--- TASK MATERIAL ---
•••
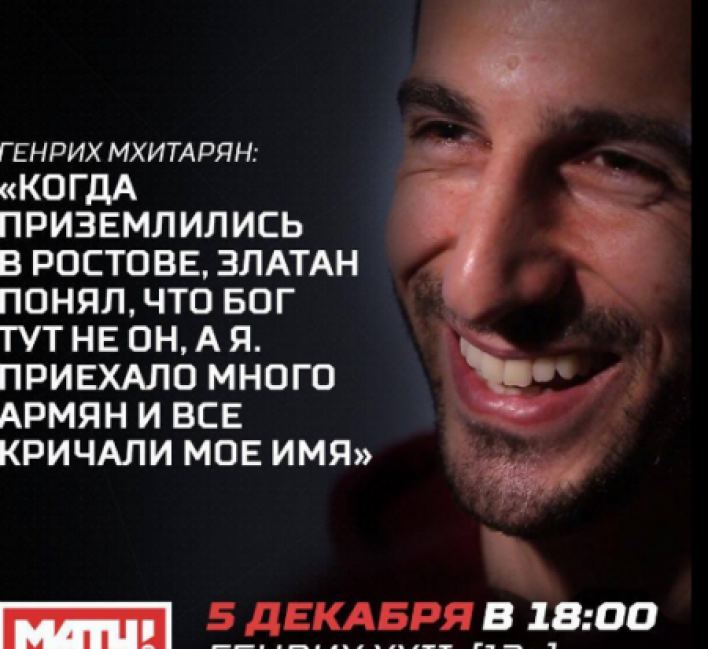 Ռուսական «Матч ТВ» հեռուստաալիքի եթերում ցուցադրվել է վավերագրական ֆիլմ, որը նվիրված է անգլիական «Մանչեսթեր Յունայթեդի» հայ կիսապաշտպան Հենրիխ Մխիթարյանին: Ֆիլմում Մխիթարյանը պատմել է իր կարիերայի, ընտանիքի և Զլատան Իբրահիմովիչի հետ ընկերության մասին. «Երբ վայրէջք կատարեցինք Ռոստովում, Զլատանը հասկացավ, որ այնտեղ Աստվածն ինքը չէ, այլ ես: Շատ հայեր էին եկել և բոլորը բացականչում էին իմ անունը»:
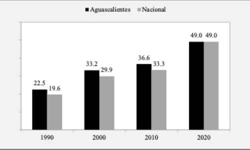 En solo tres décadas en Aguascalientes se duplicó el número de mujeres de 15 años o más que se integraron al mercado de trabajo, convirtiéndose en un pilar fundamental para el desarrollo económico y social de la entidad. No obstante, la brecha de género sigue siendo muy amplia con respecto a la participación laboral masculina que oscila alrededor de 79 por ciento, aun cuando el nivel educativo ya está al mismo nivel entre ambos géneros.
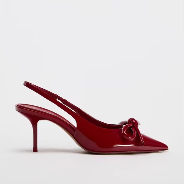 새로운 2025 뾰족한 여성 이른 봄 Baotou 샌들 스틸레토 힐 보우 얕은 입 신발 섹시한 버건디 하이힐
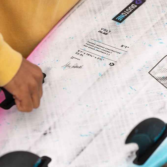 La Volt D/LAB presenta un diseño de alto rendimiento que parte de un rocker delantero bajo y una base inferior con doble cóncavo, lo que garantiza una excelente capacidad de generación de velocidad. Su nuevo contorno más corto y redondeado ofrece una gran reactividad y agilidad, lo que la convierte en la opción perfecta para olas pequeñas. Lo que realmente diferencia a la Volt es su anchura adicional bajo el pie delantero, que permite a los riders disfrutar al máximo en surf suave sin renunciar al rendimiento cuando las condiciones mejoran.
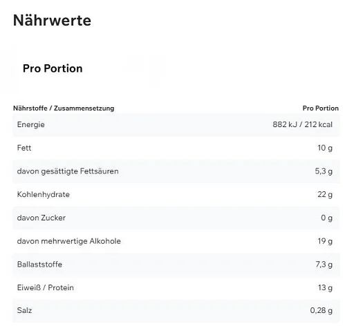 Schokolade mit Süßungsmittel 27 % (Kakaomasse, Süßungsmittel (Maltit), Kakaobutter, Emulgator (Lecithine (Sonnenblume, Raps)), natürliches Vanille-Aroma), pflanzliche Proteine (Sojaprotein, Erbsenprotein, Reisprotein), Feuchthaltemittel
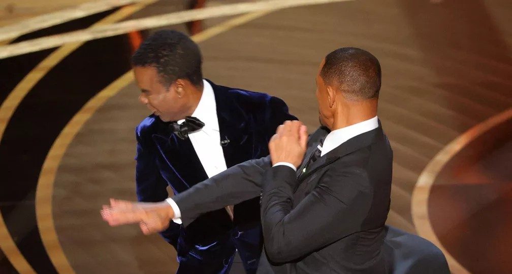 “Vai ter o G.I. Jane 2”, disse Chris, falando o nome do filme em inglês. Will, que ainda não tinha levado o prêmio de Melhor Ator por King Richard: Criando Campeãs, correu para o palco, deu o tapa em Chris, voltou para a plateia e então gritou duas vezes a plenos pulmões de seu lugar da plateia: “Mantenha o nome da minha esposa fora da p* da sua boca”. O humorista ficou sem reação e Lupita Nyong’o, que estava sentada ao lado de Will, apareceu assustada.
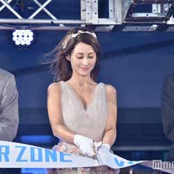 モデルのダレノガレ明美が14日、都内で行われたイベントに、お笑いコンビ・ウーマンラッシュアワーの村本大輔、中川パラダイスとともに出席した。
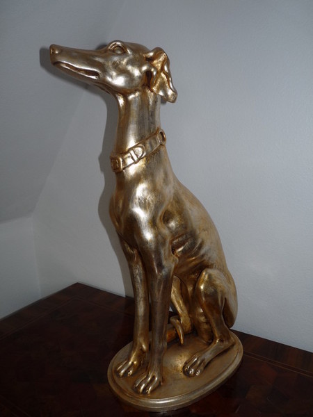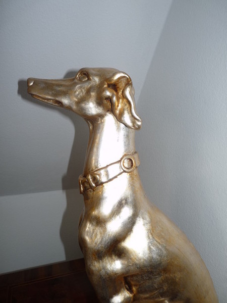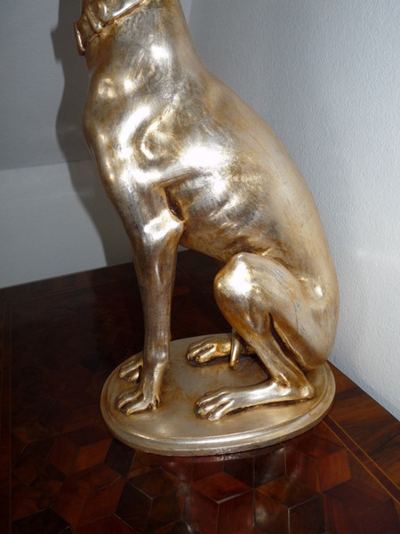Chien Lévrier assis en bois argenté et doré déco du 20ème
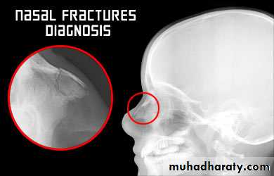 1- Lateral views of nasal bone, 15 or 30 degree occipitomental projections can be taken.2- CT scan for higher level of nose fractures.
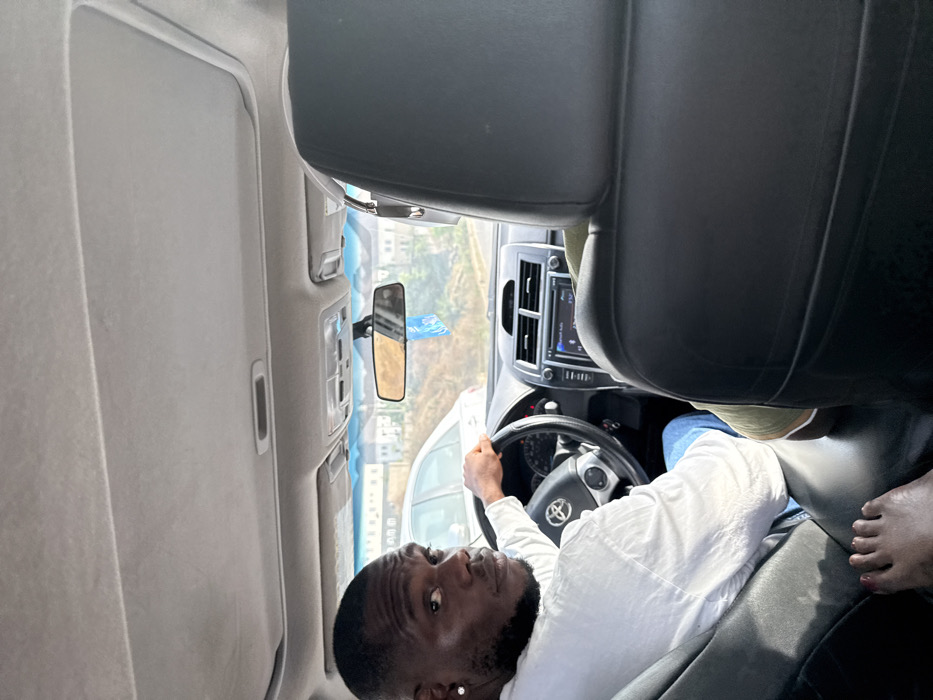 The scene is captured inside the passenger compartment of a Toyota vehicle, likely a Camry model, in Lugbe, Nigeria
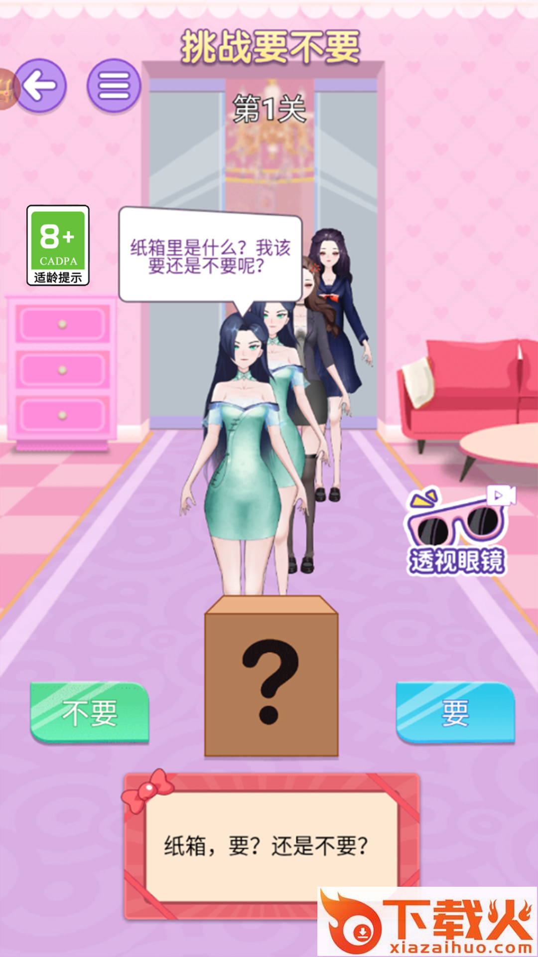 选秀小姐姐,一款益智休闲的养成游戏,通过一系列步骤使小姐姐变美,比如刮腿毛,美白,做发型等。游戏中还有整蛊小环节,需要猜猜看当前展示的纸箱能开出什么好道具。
•••
--- WHAT IS EXPECTED ---
Extract only the lines from the line containing "Chien Lévrier assis" through the final line of the listing above, unchanged; pictures stay out of the copy.

--- SOLUTION TO THE PROBLEM ---
Chien Lévrier assis en bois argenté et doré déco du 20ème
 1- Lateral views of nasal bone, 15 or 30 degree occipitomental projections can be taken.2- CT scan for higher level of nose fractures.
 The scene is captured inside the passenger compartment of a Toyota vehicle, likely a Camry model, in Lugbe, Nigeria
 选秀小姐姐,一款益智休闲的养成游戏,通过一系列步骤使小姐姐变美,比如刮腿毛,美白,做发型等。游戏中还有整蛊小环节,需要猜猜看当前展示的纸箱能开出什么好道具。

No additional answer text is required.